Once the images are set aside, output the listing exactly as it stands.

• [The data]

_ _ _ _

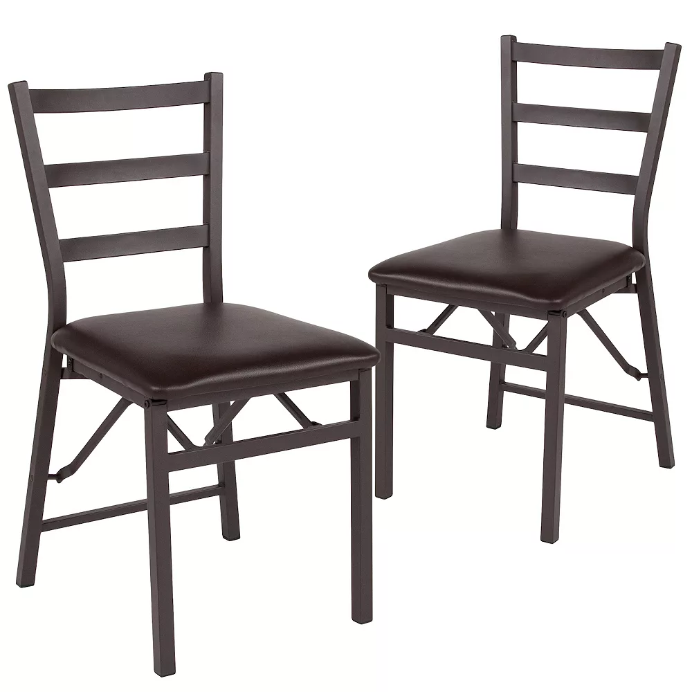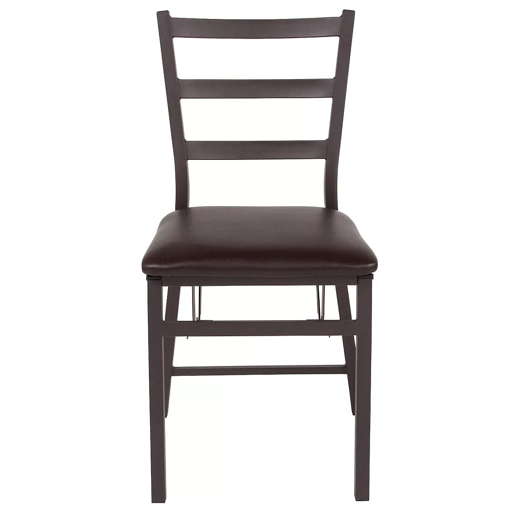 The functional, Brown Folding Ladder Back Metal Chair makes it easy to have extra seating on hand while providing aesthetically quality chairs to your dinner party. A ladder back chair is the most popular style of choice, making it a seamless fit in your home. Keep guests comfortable while entertaining with a 1 thick padded seat and your space looking neat with compact storage. When folded, the chair measures at 3 deep. The chair includes crash resistant caps to prevent scratches on the frame when the chair is closed. This upholstered folding chair can act as a temporary or permanent seating solution in your restaurant, dining room, kitchen, basement or other lounge area.
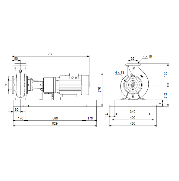 Несамовсасывающий, одноступенчатый, центробежный, насос со спиральной направляющей камерой разработан в соответствии с ISO 5199, при этом его размер и номинальная мощность соответствуют EN 733. Фланцы - PN 16 с размерами в соответствии с EN 1092-2. Насос оборудован осевым всасывающим, радиальным выходным патрубками и горизонтальным валом. Он имеет конструкцию с разборной муфтой, что обеспечивает демонтаж муфты, кронштейна подшипника и рабочего колеса, не демонтируя электродвигатель, корпус насоса или трубную обвязку.
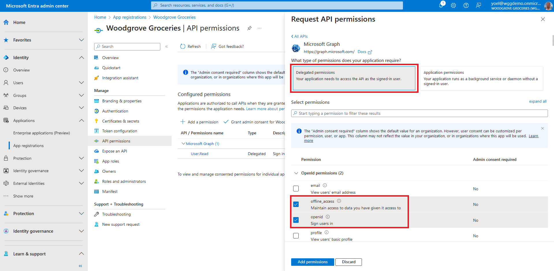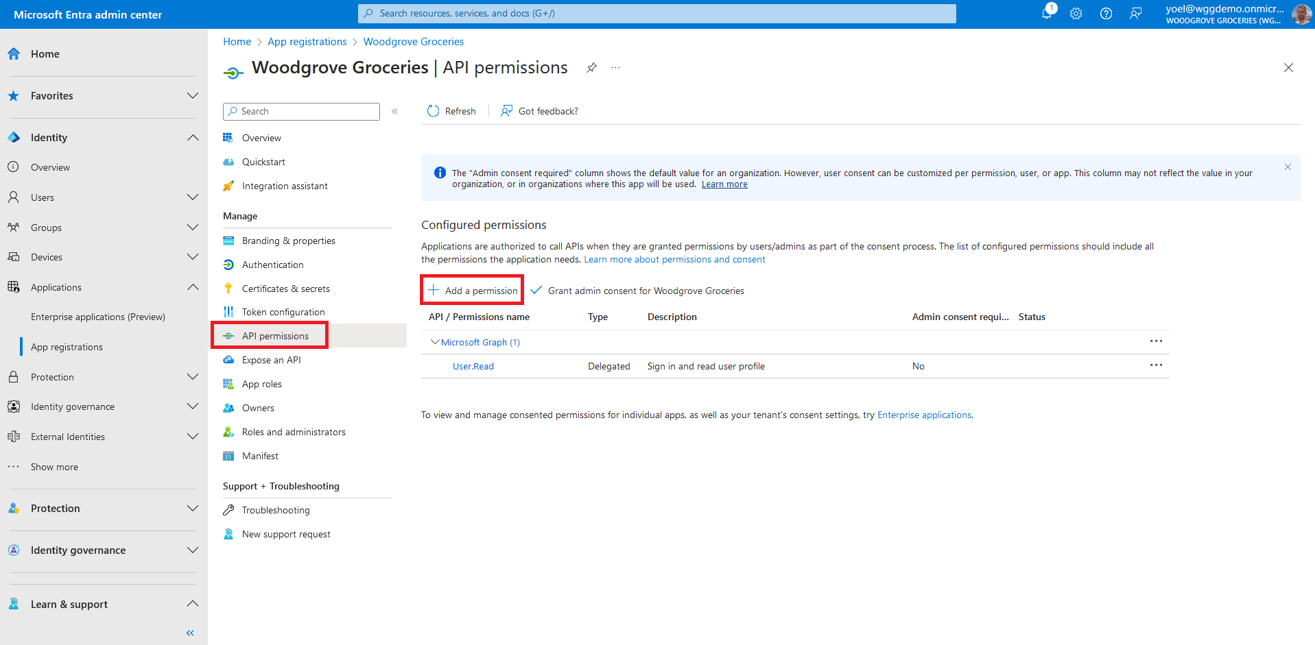Select Grant admin consent for <your tenant name>, then select Yes.
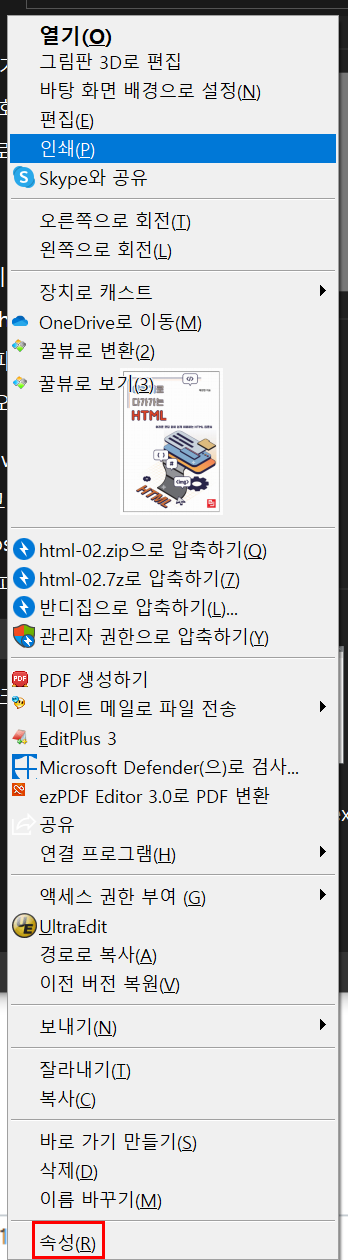 ● 1. 원하는 이미지에서 마우스 우클릭을 클릭합니다. 그리고 속성을 클릭합니다.

_ _ _ _

• [Exercise solution]
 The functional, Brown Folding Ladder Back Metal Chair makes it easy to have extra seating on hand while providing aesthetically quality chairs to your dinner party. A ladder back chair is the most popular style of choice, making it a seamless fit in your home. Keep guests comfortable while entertaining with a 1 thick padded seat and your space looking neat with compact storage. When folded, the chair measures at 3 deep. The chair includes crash resistant caps to prevent scratches on the frame when the chair is closed. This upholstered folding chair can act as a temporary or permanent seating solution in your restaurant, dining room, kitchen, basement or other lounge area.
 Несамовсасывающий, одноступенчатый, центробежный, насос со спиральной направляющей камерой разработан в соответствии с ISO 5199, при этом его размер и номинальная мощность соответствуют EN 733. Фланцы - PN 16 с размерами в соответствии с EN 1092-2. Насос оборудован осевым всасывающим, радиальным выходным патрубками и горизонтальным валом. Он имеет конструкцию с разборной муфтой, что обеспечивает демонтаж муфты, кронштейна подшипника и рабочего колеса, не демонтируя электродвигатель, корпус насоса или трубную обвязку.
Select Grant admin consent for <your tenant name>, then select Yes.
 ● 1. 원하는 이미지에서 마우스 우클릭을 클릭합니다. 그리고 속성을 클릭합니다.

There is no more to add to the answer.